Don't Mess With Texas: Federal Court Upholds Gov. Abbott's Sanctuary City Ban

In this Tuesday, Feb. 7, 2017, photo released by U.S. Immigration and Customs Enforcement, foreign nationals are arrested during a targeted enforcement operation conducted by U.S. Immigration and Customs Enforcement (ICE) aimed at immigration fugitives, re-entrants and at-large criminal aliens in Los Angeles. Advocacy groups said that Immigration and Customs Enforcement officers are rounding up people in large numbers around the country, with roundups in Southern California being especially heavy-handed, as part of stepped-up enforcement under President Donald Trump. (Charles Reed/U.S. Immigration and Customs Enforcement via AP)

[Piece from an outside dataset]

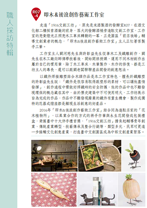 關於即木 “即”字意為貼近、當下,2016即木工藝以貼近生活、專注客製的理念成立,所有作品皆親力親為、手工打造,注重素材的原始呈現與實用性,以製造富有溫度、藝術價值的產品為職志。 主要營業項目為創作木頭鋼筆、原子筆…等木製文具產品,同時開設木筆DIY體驗課程,傳授手工筆製作技術,致力於推廣木筆工藝之美。 我們也做過許多有趣的事、和各領域達人合作。做過展場硬體規劃、商業空間裝置、戶外裝置藝術,並參與諸多競賽獲獎,協助紅點設計獲獎作品打樣、指導學生獲得設計競賽大獎,至各級學校推廣文創產業、分享創業經驗…。 闕河慈 即木工藝負責人 經歷 2018 - Present 雲林觀光局雲遊計畫咖啡業者門面形象設計施工 2017 臺灣文博會 入選串連好店愛臺中創意獎學金指導學生作品獲得金獎(第一名)、佳作大里軟體科學園區臺灣文創藝術博覽會戶外裝置藝術施工臺中文創園區戶外裝置藝術設計施工 2016 成立即木工藝進駐臺中文創園區1916文創工坊加入臺中市藝術亮點特色店家臺灣設計X全球發光國際設計競賽獲奬成果展 關於我 諮商心理系畢業從事就業服務工作多年,服務失業民眾 最終自己失業,誤打誤撞栽進木工的領域 目前擁有一間小小的工作室和大大的夢想 技術 2014 考取國家裝潢木工乙級技術士考取內政部核可建築物室內裝修專業技術人員 2016 習藝傳統木工車枳(師承 藍紘勝)考取臺中市工藝類街頭藝人 2017 開始學習傳統木雕 2018 臺灣工藝研究發展中心基礎漆藝研習班 結訓 2019 考取國家家具木工丙級技術士 2020 考取國家家具木工乙級技術士 聯繫方式 https://thatwood.com.tw/ thatwood2016@gmail.com 0921754345 媒體報導 HERE雜誌HERE雜誌No.108 2016年 9月28日發行 好景賞析報導 Read More 中視【60分鐘】讓文創遍地開花-節目專訪 Read More 台中好生活雜誌2016.11月號 台中十大伴手禮獲獎廠商專題報導 Read More 台中文創雙月刊2016.1-2月號 即木工作室職人採訪特輯 Read More 新一代時報即木工藝手作創作專題報導 Read More 文化部臺灣評論英文專題報導 Read More 獲獎認證 臺中市十大伴手禮精品類 首獎 新北市木質玩具競賽社會組 佳作 臺中市好禮認證2016~2018皆獲認證 文化部文化資產局績優文創工作者

It’s official. On Tuesday, a federal appeals court ruled in a 3-0 vote that states may punish cities that harbor illegal immigrants, as well as force local law enforcement to turn over any illegal immigrants to ICE for deportation.


Texas Governor Greg Abbott tweeted about the court’s ruling on Tuesday, stating that the “law is in effect.”

According to the Washington Times, the law also allows punishment for local political officials and law enforcement leaders who carry out pro-sanctuary city policies.

Sanctuary city advocates argued that such a law would breach the 4th Amendment rights of illegal immigrants. Judge Edith H. Jones, however, wrote in the court’s opinion that it’s not exactly clear if non-citizens enjoy the same rights as citizens.

For one, it’s odd that it’s suggested by illegal immigrant advocates that they should enjoy the same rights legal citizens do. They are citizens of another country, and thus don’t qualify for all the benefits and rights extended to Americans. Stepping foot on our soil should not reward the individual with all the good stuff America offers its citizens, especially when that person doesn’t have to pay taxes.


But I’d also like to raise the point that the idea of sanctuary cities has muddied the waters in terms of how we view illegal immigrants. It’s understandable to feel pity or empathy toward someone who wants to escape from their 3rd world hell in favor of something better. But they are still illegal immigrants. By default, being here illegally makes them criminals whether they’re the worst of sinners or the best of saints.

The law has to be enforced because without laws that govern the system, there is no system. Frankly, it’s that system that has made this country so attractive, and if they want to be a part of it, then they must go through the process so many others have, too.